Youth unemployment seriously harms the economy as it hampers labor participation and skill development and lead to more social problems and ill-health in the long run, European Central Bank President Mario Draghi said.

In an interview to the British daily, The Guardian, Draghi said, “In many countries the labor market is set up to protect older “insiders” – people with permanent, high paid contracts and shielded by strong labor laws.”

“The side effect is that young people are stuck with lower-paid, temporary contracts and get fired first in crisis times,” he said, according to the transcript published on the ECB website on Friday.

Employers are also reluctant to invest in young people, so the incomes of this generation stay lower over their lifetime, he added.

The interview was conducted before the bank announced a raft of stimulus measures for the euro area economy on Thursday, cutting all of its three key interest rates and expanding its asset purchase programme, among others.

What might be the forces at work here – demographics / changing workplaces / fiscal-monetary policy – that mean that young adults appear to be receiving little of the rewards of two and half decades of average economic growth?

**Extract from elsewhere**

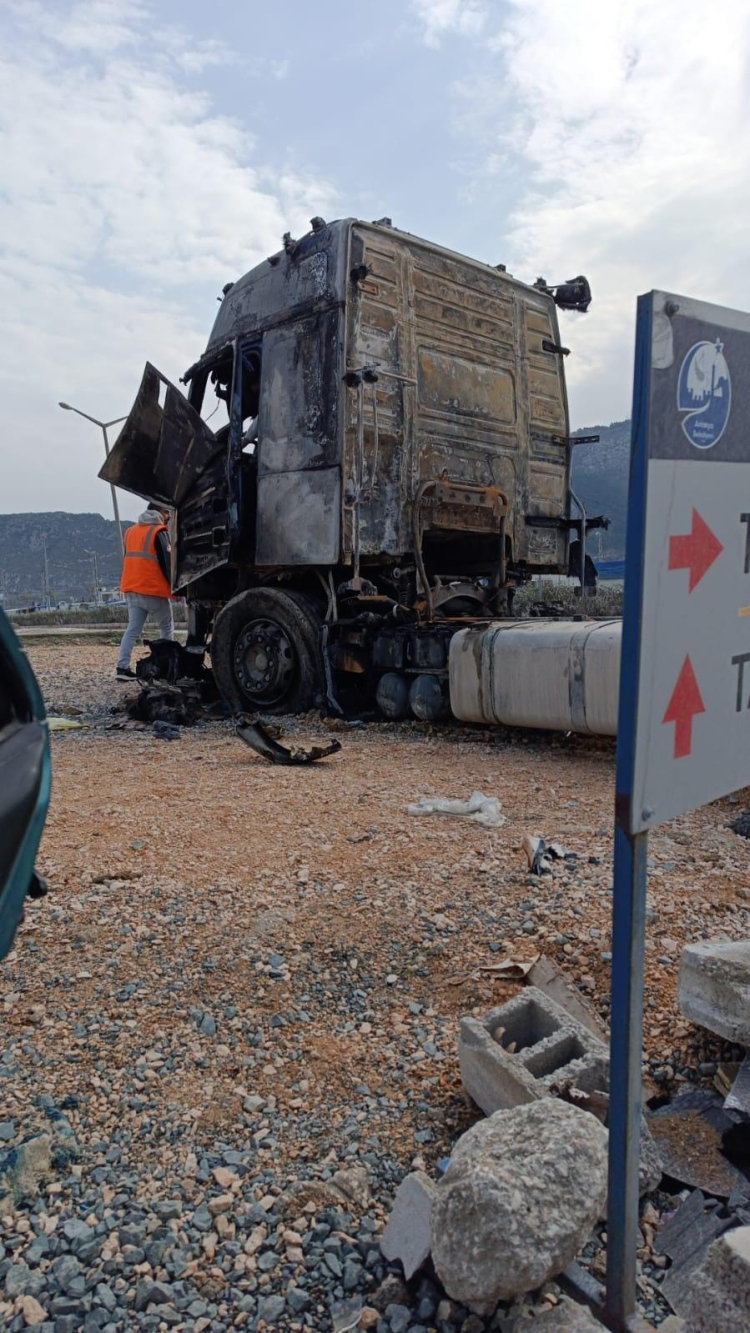 Yangın, Antakya ilçesi Kavaslı Mahallesi’nde yaşandı. Seyir halindeki hafriyat kamyonu kısa sürede alevlere teslim oldu.

“Nobody stays young forever,” Draghi said. “The crucial question is whether a person can participate fully in the economy over his or her life-time – get a good education, find a job, buy a home for the family.”

He expressed concern that the increasing inequality might prevent people from participating in economic growth and urged authorities to explore the problem carefully.

As a central bank, the ECB aims to maintain price stability that prevents unfair distribution of wealth, he said.

“Wealth creation isn’t a zero sum game,” Draghi said. “What matters is that young people, as they move through life, have the opportunities to build up wealth, too.”